HCE received a lot of high-quality submissions for The Green Issue – sadly, too many to fit inside the magazine! So we offered some writers and artists who’d sent in work the chance to be published here on the website. Keep an eye on our social media for more great work like this, now that The Green Issue print magazine has been released! (For more information or to purchase your copy, visit our shop.)
When I was a child, green was just a colour. The grass was green, you painted your walls green. When you watched American TV shows, the children were encouraged to eat their greens and by that we were made to understand that the children should eat their vegetables.
These days, however, you have to be ‘green’. This does not necessarily mean being ‘green with envy’, although perhaps that is understandable, if you are envious of your neighbour being greener than you. Now, ‘green’ is a way of life, a lifestyle choice, or perhaps not so much a choice as a necessity or as a means of keeping people off your back; the trolls who name and shame anyone who is seen not being ‘green’.

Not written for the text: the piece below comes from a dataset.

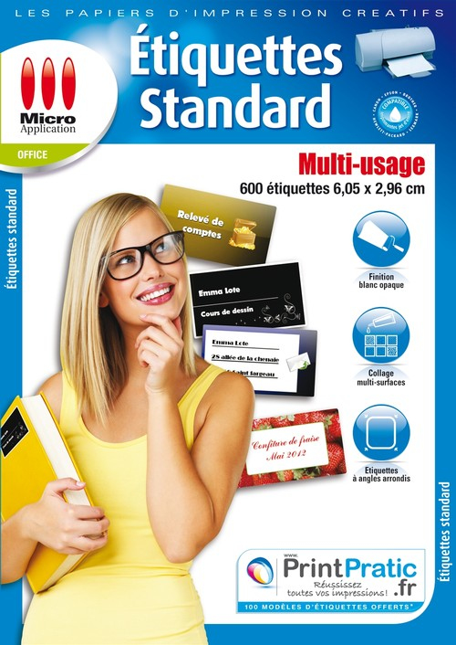 Micro Application 5057. Colour of product: White, Print technology: Inkjet. Label size: 60.5 x 29.6 mm. Paper dimensions: 210 x 297 mm
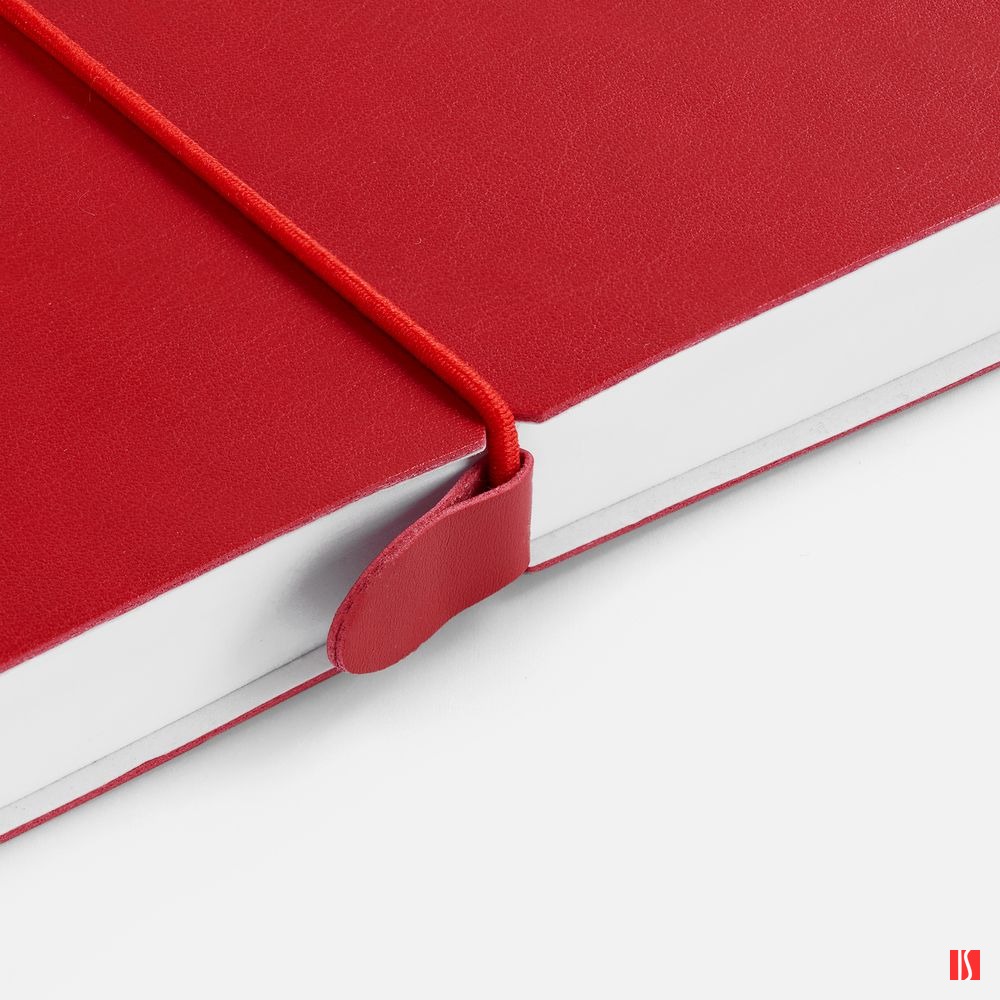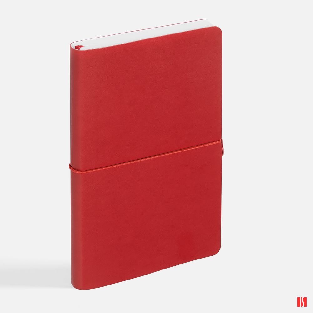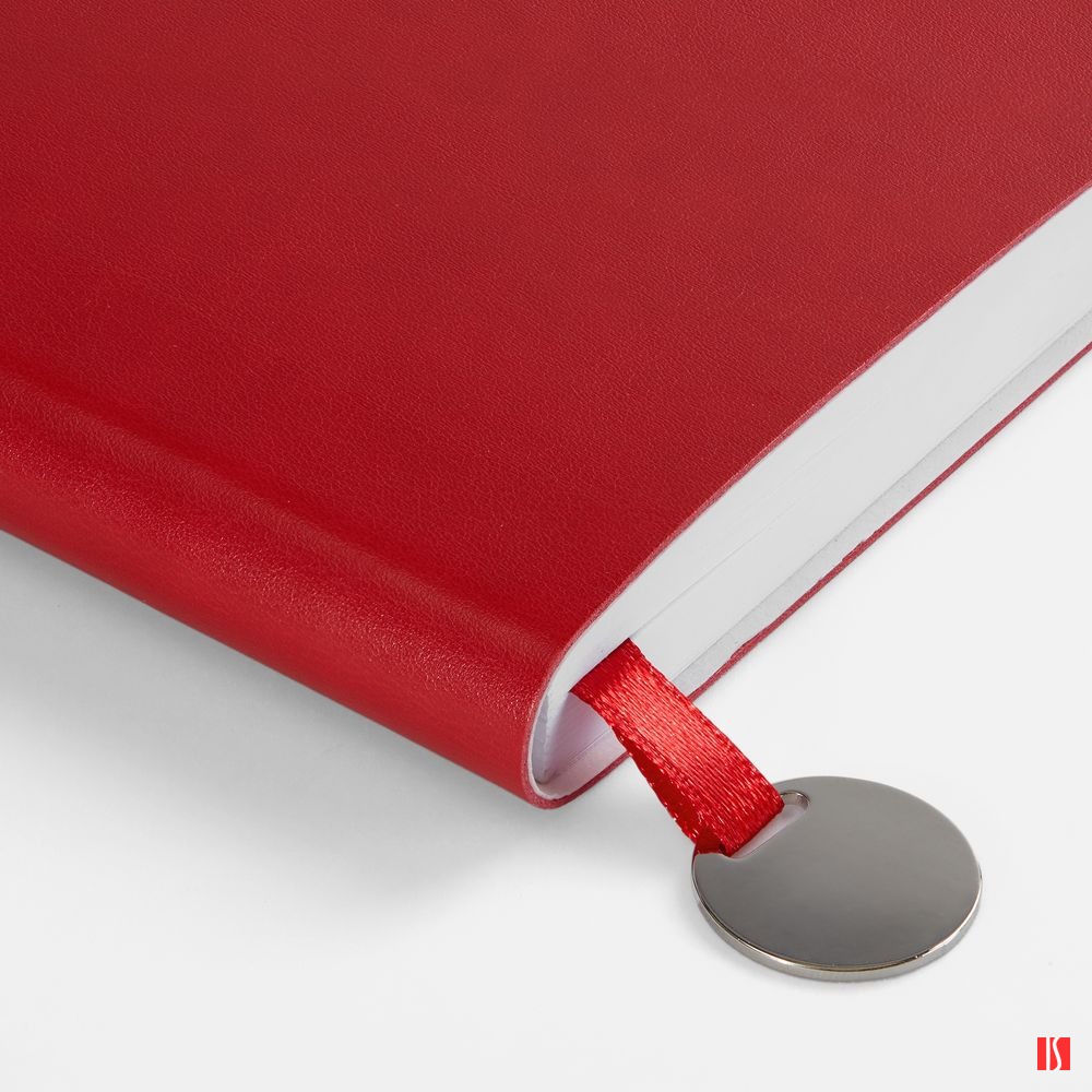 Ежедневник с гибкой обложкой, выполнен из материала Waltz, красный РР, дополнен ляссе в цвет обложки с металлическим шильдом.

Back in the 1970s there was a popular sitcom on television called ‘The Good Life’, where one family decided to quit the rat race and try to live a more sustainable life, often to the embarrassment of their posh neighbours. The laughs came from watching how their efforts were in stark contrast to their neighbours’ more materialistic lifestyle.
If that programme was made today, it would not be seen as a comedy but as a documentary and the posh neighbours would be seen as an example of how not to live your life.
However, what strikes me with the ‘Green Movement’ is that my family, unknowingly, were ahead of our time. When everybody else was leaving our local grocery store laden down with plastic shopping bags, my mother used to bring over a cardboard box and leave it at the checkout, filling it with her groceries, to bring it back and reuse the following week.
We rarely had to buy vegetables because my father grew his own in the back garden, despite me begging him to give up the garden so that I would have the space to have a pony. To be honest, he probably was right in refusing me, because I didn’t know the first thing about looking after a pony and was in fact slightly scared of horses. That simple fact didn’t deter me from wanting a pony, however. Look at all the money we saved on vegetables – and vet fees for that matter.
As a result of the garden, we were composting before most people even knew what the word meant. I mean, you can get evening classes now in composting and I learnt how to do it for nothing! My father once got a call from the bin company, complaining that we used to not put out our green bin. The city slicker on the other end of the phone line got all confused and had to consult with her supervisor, while my father tried to explain to her that the reason he doesn’t put out the green bin is because all items that would be for the green bin end up in our compost and ultimately in our garden!
Anytime we went anywhere as children, we were always told to put our rubbish in the bin and, if there was no bin around, to bring our rubbish home and put it in the bin at home. This is a habit that I follow to this day. It’s a pity not everybody follows this simple rule. If they did, volunteers would not feel the need to gather every weekend and clean their streets, or their local beach, of other people’s rubbish. I have often been known to bring home empty cans or even milk cartons and deposit them in my bin at home after walking my dog.
Recent news footage of election coverage showed a Green Party member putting up a poster on a telegraph pole. I thought the Green were all about recycling, and no waste. How many posters and flyers are going to end up in the rubbish tips?
They say that you should start small, every little step helps. We were taking little steps twenty years ago. Who would have thought that my little family were trendy!